I agree with you. Unfettered availability of all genres is the only way to ensure that such variety exists;
As I pointed out above, when there is an intrinsic bias by an industry or PR group, it distorts the public view of the good.
Contrived example: What if the only things you could buy in blue were ladies clothing items? No, your blue jeans are not on the shelves. You have black jeans, or some other color instead. Your favorite color is blue. You REALLY wish you could get a nice navy blue T-shirt, but you cant. You can only get navy blue blouses, Dresses, etc.
Eventually, the public conciousness may come to conclude that blue is a lady's color, since all blue items are lady's clothing. The reason for this is entirely because the clothing makers have engineered it to be so-- but that's not important. The public concensus on the matter has formed, and the market has been manipulated.
The same thing happens with media. When things are allowed to just succeed or fail based on their own merits, and not because of concerted media manipulaition by PR firms, backroom deals, and the like, then things that society considers unfavorable will end up on dusty, disused shelves. It self-regulates.
If people find depictions of your female protagonist as being tasteless, vapid, flat, and genuinely unappealing-- they wont buy your game.

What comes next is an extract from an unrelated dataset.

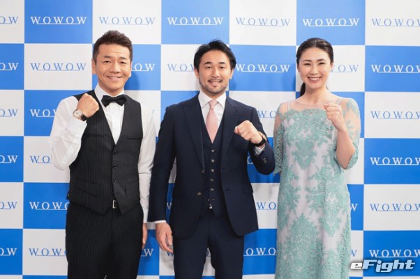 山中慎介(中央)がゴロフキンやリナレス戦の見所を語った。右は進行役のくりぃむしちゅー・上田晋也、左は元プロゴルファーの古閑美保

When they have the choice between your game, (with the vapid, hollow, and unappealing female protagonist) and some other genre that they despise even more, they will buy your game, and buy lots of it.
It is this latter effect that game publishers bank on.
Take for instance, the backlash of Kane and Lynch-- The PR drones pushed out paid for editorials, game reviews, and the like that spun the game in a direction completely different from what the game actually was-- and actively sued game review companies that voiced their true opinions. The consequence? A game that wasnt what people thought it was, sold millions of units early on. A big win for the publisher.
Then you have the "All blue clothes are women's clothing" issue. Some years are "Years of RTS", and others are "Years of online multiplay FPS". In those years, ALL of the publishers will produce very similar games, as they all try to copy each other--- leaving other genres out in the cold. Some of these trends persist for several years later, especially when there are "Lucrative franchises" to milk.
Publishers are after one thing, and one thing only--- The consumer's money.
THe consumer, on the other hand, is after a very varied and discerning buffet of items.
The publisher has interest in giving the consumer a McDonald's menu. This greatly upsets the problem, since big publishers use their financial might to kill off and prevent upstart publishers and game houses with genuinely new and invigorating content.